Scotland.—The law of parent and child in Scotland differs in some respects from the law of England and Ireland. In Scotland there is a legal obligation on parents and children to maintain each other if able to do so, and either may sue the other for aliment at common law; but this obligation extends only to what may be called subsistence money, although this does not mean merely relief of the poor-law authorities, but is held to vary according to the social position of the party. As regards all maintenance beyond mere subsistence, the law does not materially differ from that of England, and a contract must be proved against the father before he can be held liable to pay. The legal liability as between parent and child is qualified in this way by the common law, that if a person has both a father and a child living and able to support him, then the child is primarily liable, and next the grandchild, after whom comes the father, and next the grandfather. Not only are parent and child liable to support each other while the party supporting is alive, but if he dies his executors are also liable; and this liability is not limited by the age of majority, but continues during the life of the party supported. Another advantage which a Scotch child has over an English child is that the father cannot disinherit it—at least so far as concerns his movable property (see LEGITIM). With regard to the custody of children in Scotland, the rule is that the father is entitled to the custody as between him and the mother. His right, however, is not absolute, but subject to the equitable jurisdiction of the Court of Session, which makes such orders regarding custody as are dictated by a regard for the health, interests, and moral education of the child.

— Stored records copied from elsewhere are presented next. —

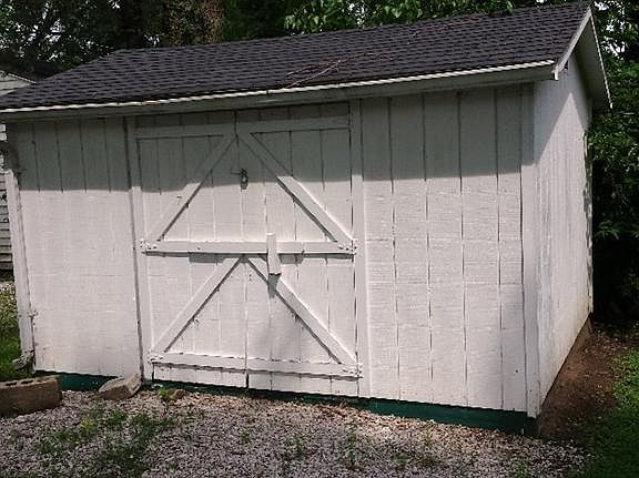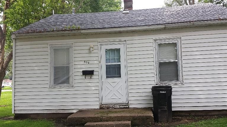 Cheaper than rent. This is a very nice 2 bedroom home in good shape with plenty of room. LR plus additional FR space off kitchen. Handicap ramp is already installed. Rear entrance off alley, large garden shed. Kitchen range and kitchen dining set included in sale. Laundry hookups are on main floor, just off the kitchen. No basement. Call a Realtor today for a showing. Only $39,900.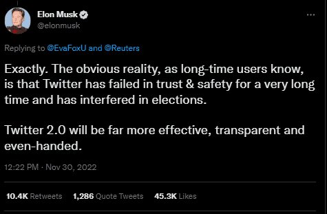 “The obvious reality, as long-time users know, is that Twitter has failed in trust & safety for a very long time and has interfered in elections. Twitter 2.0 will be far more effective, transparent and even-handed.” – Elon Musk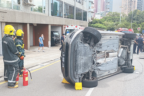 首宗交通意外發生在昨早約七時半,涉事車輛沿南灣湖景大馬路向旅遊塔方向行駛,期間失控自炒翻轉。車內五十多歲駕駛者左手臂挫傷。副駕座五十多歲女乘客,左手食指、右手背及胸部挫傷,情況並無大礙。駕車男子酒精讀數為零,意外期間亦未有人或動物衝出路面,私家車失控原因待查。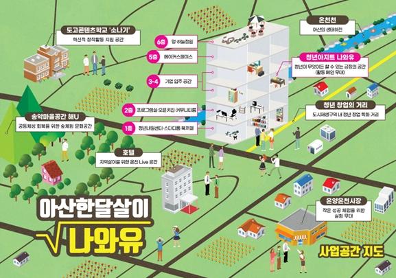 청년들은 온양온천 전통시장, 도고콘텐츠 학교, 송악마을 ‘해유’에서 아산을 알고 창작활동과 공동체성을 회복해 혁신적인 청년활동에 도전하게 된다.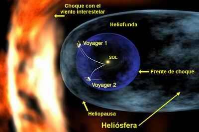 Dibujo ilustrando la estructura que forma el viento solar en torno al Sol. Al alejarse de nuestra estrella y de las órbitas de los planetas, llegamos al frente de choque (esfera semitransparente), lugar en el que el viento solar es frenado fuertemente por la presión del gas situado entre las estrellas. Más allá de esta región se sitúa la frontera final del Sistema Solar, la heliofunda, una enorme región en la que el viento solar es más turbulento y de más alta temperatura (zona púrpura oscura en la imagen). El límite final es aquel en el que el viento solar choca con el material interestelar, forzando a la heliosfera a adquirir forma de lágrima. En la imagen se incluyen las posiciones y trayectorias de ambas sondas Voyager en relación a estas estructuras.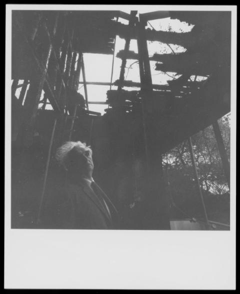 In the spring of 1963 when the Neutras were in the Midwest, a fire destroyed the VDL Research House. The unexplained fire, possibly of electrical origins, started in the office on the ground floor. About midnight of March 21, Dion received a startling phone call with the news of the fire. He rushed to the scene and was able to direct the fire department in saving many valuable documents. Dion, noting the quantities of water penetrating to the basement archive, organized the movement of hundreds of drawing rolls out into the street. When all was over, the smoking ruins told a disheartening tale: the virtual destruction of a lifetime of memorabilia, books, files, drawings, work in progress, original manuscripts, and countless other materials which were virtually irreplaceable.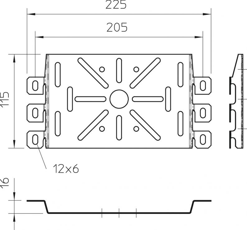 Mounting plate for universal use on side rails of cable trays and mesh cable trays.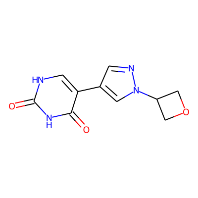 O=c1[nH]cc(-c2cnn(C3COC3)c2)c(=O)[nH]1| HBA: | 7 | RingCount: | 3 |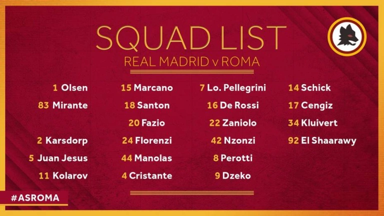 La delantera romanista estará liderada por el bosnio Edin Dzeko, que ya vio puerta contra el Real Madrid en un partido de la Liga de Campeones 2012-2013, cuando vestía la camiseta del Manchester City inglés.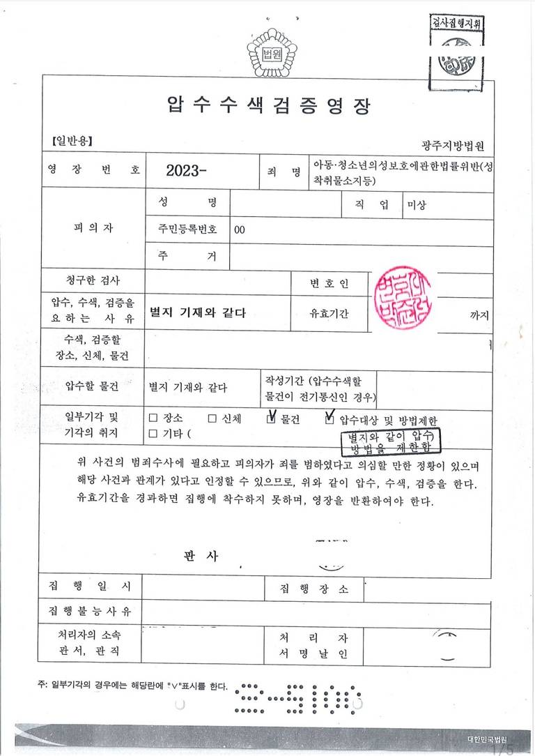 압수수색영장 예시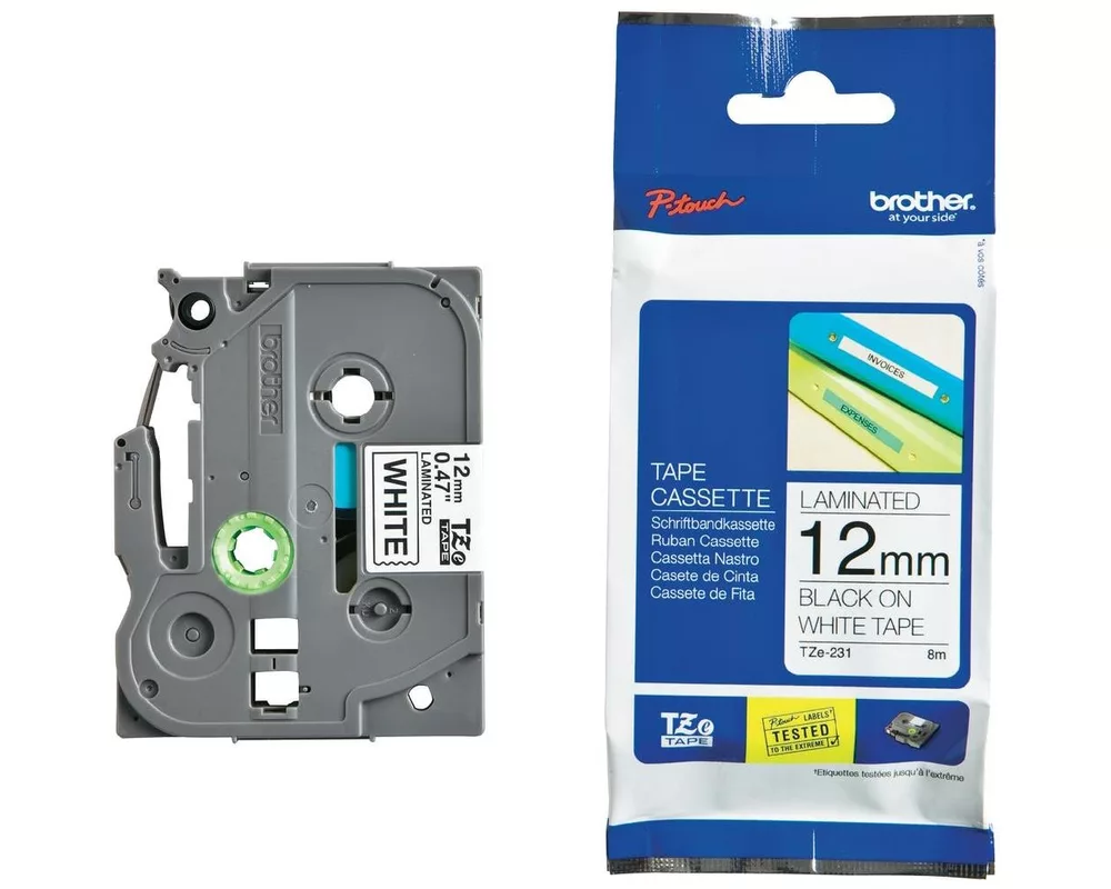 - Brother TZe-231 Tape Black on White Laminated 12mm - Eco (ID: 58258)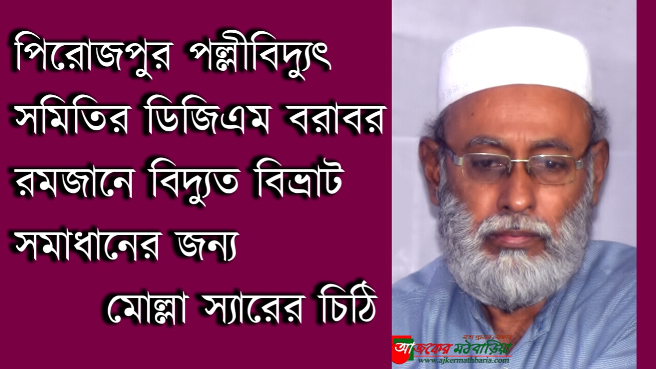 বরাবর ডি জি এম পিরোজপুর পল্লী বিদ্যুৎ সমিতি মঠবাড়িয়া অঞ্চল। বিষয়ঃনামাজ,ইফতার ও সেহরির সময়ে লোডশেডিং… Read More

In actions for separation or divorce this court has power to make such orders as are just and proper regarding the custody of the children of the spouses.
By the Guardianship of Infants Act, 1886, increased rights were given to the mothers of lawful children both in England and Scotland. The general effect of the enactment is to place the mother of children whose father is dead in a similar position to that which the father would have occupied had he been alive in regard to the guardianship.
United States.—The American law closely follows that of England on this head, save in regard to the age (usually eighteen) at which women cease to be infants. See INFANT, AGE.